Where do you find the time for this? That’s when the luxury of tenure really matters.

Pawan Dhingra — Amherst College Press

and

A second book is an immense amount of work. Your first is a bit easier because you’re really just revising your doctoral work.

Olufumi Vaughan — Amherst College Press

and

We invite you onto the marketing team as a VIP member — especially for your second book because that’s the book you want to write rather than what you need to write.

Maura Roessner — University of California Press

I asked a couple of questions, both of which seemed to leave the panelists flat-footed.

There is now burgeoning world of publishing opportunities: academic and trade publishing, but also the independent and small presses that exist on a spectrum down to self-publishing.
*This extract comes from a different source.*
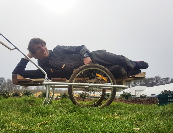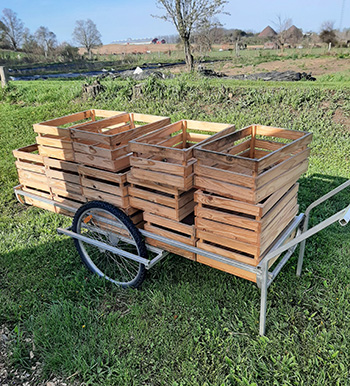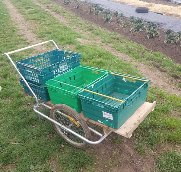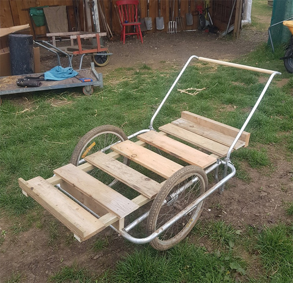 Jonathan from Taybank Growers Collective in the heart of Scotland posted photos of a very different cart they use on their farm, a bicycle trailer he converted into a hand cart. Again, this one has a low deck, but unlike Tommie’s cart there are no sides, just little cleats on the ends to keep bins from sliding off the frame. Simple aluminum frame bicycle trailers for hauling kids and groceries have become more common which means there are more of them out there on the used market, prime for making modifications, especially as the fabric enclosures wear before the aluminum. With only the addition of a wooden dowel for the handle and some extra screws Jonathan was able to repurpose the parts of the frame that had been for hooking the trailer to the bike to create the handle and feet. By his reporting ideally the handle would be stiffer, but it’s functional enough that they hadn’t felt the need to reinforce it immediately.

How you make the calculus on how much time spend exploring this spectrum versus making a choice to situate your work?

This question left them bewildered. I got a range of replies that were utterly disconnected from my experience in publishing. One said “Figure our your authorial identity!” Another said, “Within one’s discipline, it’s pretty clear who your peers care about.” Another said, “Schedule time to explore the space. Find ‘comp titles’.”

The responses to my second question were even funnier.

There’s a lot of discussion right now about digital media offering broader kinds of genre publication (e.g. Kindle Unlimited, Project Vella, etc.): not just novels, but novellas, novelettes, and serial publication. How do you see the market moving?

Nobody actually touched the question. One panelist wrinkled up her nose, “Fiction? We mostly don’t do fiction, but don’t dismiss university presses that may be trying to build a home for trade because they’re trying to diversify their portfolios.”

So, it was a pretty weird event from my perspective as some looking in at academic publishing from the outside. But it helped me understand the role of the academic press. To get tenure, faculty (in some disciplines) need to publish books. And the books they need to publish are mostly not books that would be profitable in the trade publishing business. So universities and non-profits subsidize this publication.

Which is not to dismiss the scholarly significance of these publications. But as someone looking at publishing from the other side, it’s pretty wild.